_What to do:_ Copy every line of the following data that includes the string "para".
Segment Start: Data to use
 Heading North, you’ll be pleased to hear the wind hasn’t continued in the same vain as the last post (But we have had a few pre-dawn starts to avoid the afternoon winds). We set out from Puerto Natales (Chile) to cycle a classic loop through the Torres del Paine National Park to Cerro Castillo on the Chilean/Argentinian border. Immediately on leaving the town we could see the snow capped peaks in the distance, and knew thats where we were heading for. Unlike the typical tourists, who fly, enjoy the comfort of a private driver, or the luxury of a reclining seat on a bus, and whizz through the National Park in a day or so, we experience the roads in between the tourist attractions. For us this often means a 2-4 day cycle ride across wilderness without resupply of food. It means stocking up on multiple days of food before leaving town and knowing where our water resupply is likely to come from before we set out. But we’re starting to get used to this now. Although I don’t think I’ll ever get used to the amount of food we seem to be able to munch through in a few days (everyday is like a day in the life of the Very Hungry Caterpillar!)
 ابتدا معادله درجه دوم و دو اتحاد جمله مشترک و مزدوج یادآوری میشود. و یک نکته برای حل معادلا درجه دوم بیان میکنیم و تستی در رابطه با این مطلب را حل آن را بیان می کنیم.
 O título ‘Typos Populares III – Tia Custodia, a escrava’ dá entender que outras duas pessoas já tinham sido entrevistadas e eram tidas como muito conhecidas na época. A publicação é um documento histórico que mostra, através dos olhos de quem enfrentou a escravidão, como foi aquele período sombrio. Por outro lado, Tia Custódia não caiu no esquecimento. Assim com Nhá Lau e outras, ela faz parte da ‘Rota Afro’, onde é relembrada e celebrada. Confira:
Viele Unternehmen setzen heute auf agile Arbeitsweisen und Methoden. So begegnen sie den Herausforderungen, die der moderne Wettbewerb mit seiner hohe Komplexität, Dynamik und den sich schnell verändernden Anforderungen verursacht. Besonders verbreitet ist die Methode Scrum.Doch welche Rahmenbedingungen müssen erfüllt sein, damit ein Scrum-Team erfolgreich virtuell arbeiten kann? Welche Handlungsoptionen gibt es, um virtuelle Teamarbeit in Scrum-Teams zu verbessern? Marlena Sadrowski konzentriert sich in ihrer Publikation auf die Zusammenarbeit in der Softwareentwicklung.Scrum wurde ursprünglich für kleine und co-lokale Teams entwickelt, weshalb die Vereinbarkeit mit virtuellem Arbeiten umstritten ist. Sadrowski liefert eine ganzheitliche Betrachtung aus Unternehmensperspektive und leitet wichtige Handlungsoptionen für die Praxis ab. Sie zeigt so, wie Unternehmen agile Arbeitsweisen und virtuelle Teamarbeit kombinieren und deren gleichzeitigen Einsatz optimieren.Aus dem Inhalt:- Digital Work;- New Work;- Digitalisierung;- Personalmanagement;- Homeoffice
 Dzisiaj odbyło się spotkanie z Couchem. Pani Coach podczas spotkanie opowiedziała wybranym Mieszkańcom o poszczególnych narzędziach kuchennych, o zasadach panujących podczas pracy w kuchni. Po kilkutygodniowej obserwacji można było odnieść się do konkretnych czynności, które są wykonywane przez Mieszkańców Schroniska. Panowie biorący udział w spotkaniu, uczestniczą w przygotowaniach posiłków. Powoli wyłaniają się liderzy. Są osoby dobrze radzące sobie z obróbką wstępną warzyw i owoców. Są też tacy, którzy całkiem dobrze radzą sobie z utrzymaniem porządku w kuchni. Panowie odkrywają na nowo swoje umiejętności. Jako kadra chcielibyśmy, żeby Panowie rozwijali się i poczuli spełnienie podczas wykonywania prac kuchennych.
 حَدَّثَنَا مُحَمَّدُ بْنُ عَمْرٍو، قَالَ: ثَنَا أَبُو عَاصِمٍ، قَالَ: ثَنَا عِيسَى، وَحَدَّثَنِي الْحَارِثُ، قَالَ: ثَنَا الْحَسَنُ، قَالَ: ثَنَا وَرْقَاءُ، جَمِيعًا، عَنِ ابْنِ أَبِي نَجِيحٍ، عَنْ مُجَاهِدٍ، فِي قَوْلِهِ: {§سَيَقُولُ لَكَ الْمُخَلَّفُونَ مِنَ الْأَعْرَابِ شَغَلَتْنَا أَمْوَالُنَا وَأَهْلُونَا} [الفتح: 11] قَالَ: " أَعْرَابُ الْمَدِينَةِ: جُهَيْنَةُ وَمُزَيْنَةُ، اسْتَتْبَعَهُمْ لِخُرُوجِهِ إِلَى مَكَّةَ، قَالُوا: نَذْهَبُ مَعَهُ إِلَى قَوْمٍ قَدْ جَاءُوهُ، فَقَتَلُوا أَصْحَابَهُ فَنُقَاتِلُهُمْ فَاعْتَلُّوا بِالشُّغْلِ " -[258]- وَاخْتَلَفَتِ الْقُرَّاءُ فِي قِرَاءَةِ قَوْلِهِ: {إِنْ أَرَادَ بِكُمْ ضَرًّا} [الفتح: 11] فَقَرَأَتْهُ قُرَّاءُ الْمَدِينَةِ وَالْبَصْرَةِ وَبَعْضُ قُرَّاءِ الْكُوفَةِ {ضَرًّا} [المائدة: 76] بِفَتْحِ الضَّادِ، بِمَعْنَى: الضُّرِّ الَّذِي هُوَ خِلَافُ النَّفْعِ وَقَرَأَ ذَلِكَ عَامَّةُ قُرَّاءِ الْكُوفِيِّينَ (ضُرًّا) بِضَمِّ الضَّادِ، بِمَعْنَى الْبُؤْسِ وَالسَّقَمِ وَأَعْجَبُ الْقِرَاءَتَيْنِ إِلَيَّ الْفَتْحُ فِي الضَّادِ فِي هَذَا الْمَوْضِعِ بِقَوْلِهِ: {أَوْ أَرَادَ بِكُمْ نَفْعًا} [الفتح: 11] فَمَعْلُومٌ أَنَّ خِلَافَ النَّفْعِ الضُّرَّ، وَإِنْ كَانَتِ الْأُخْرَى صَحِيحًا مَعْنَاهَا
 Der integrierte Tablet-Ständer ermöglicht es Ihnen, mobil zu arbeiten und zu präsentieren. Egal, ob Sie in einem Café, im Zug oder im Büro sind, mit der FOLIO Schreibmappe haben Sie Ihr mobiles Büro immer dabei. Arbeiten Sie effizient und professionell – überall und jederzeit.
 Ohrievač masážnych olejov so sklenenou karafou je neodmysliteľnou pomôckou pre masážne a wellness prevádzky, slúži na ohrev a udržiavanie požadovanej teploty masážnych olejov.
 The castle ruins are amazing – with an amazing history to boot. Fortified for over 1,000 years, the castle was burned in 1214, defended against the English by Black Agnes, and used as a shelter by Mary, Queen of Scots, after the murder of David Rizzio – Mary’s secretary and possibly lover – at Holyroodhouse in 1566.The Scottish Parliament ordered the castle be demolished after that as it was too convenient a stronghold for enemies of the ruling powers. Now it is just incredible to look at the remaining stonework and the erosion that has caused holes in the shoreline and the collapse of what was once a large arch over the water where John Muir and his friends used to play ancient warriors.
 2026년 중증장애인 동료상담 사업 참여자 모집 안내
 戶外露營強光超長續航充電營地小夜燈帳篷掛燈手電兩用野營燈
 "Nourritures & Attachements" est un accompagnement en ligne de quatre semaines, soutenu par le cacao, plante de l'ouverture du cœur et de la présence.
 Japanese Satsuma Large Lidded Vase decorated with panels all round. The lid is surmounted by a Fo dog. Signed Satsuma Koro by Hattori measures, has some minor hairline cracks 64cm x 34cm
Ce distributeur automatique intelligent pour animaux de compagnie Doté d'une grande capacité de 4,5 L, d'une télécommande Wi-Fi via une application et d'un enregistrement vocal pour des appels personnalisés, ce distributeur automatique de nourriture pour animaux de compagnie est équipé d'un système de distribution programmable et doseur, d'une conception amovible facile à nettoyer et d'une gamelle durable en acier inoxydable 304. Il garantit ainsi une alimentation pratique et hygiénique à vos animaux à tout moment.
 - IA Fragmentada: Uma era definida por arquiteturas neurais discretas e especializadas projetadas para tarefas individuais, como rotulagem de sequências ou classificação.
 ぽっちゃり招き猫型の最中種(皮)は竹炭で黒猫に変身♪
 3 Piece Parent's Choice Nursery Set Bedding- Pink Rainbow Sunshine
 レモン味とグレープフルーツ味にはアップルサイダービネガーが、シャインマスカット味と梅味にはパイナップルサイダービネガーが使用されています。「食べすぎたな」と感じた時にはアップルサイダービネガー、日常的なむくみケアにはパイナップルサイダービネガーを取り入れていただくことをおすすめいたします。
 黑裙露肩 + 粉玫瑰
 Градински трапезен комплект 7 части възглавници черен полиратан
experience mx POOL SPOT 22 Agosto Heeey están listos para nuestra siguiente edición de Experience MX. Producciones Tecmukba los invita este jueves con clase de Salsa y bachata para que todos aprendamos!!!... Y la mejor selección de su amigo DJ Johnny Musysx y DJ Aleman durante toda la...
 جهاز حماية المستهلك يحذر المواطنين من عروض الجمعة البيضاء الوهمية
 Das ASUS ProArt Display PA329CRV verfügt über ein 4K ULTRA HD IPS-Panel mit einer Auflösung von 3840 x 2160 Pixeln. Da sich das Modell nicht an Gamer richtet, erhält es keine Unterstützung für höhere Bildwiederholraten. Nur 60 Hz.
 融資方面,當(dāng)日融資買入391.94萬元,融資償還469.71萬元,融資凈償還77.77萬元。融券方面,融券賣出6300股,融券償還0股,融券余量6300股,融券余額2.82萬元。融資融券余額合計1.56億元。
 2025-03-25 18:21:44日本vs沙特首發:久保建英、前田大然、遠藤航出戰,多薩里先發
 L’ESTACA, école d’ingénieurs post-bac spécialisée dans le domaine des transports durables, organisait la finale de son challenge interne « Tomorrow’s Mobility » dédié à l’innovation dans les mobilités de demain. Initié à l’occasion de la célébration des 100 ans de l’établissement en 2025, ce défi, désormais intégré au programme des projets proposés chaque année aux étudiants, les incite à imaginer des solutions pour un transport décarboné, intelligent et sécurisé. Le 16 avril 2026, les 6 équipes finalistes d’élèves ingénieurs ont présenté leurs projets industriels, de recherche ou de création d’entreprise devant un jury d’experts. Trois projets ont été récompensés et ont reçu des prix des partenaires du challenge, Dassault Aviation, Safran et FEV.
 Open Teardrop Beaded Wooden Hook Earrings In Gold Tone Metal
Segment End: Data to use
_Solved exercise:_
 - IA Fragmentada: Uma era definida por arquiteturas neurais discretas e especializadas projetadas para tarefas individuais, como rotulagem de sequências ou classificação.
experience mx POOL SPOT 22 Agosto Heeey están listos para nuestra siguiente edición de Experience MX. Producciones Tecmukba los invita este jueves con clase de Salsa y bachata para que todos aprendamos!!!... Y la mejor selección de su amigo DJ Johnny Musysx y DJ Aleman durante toda la...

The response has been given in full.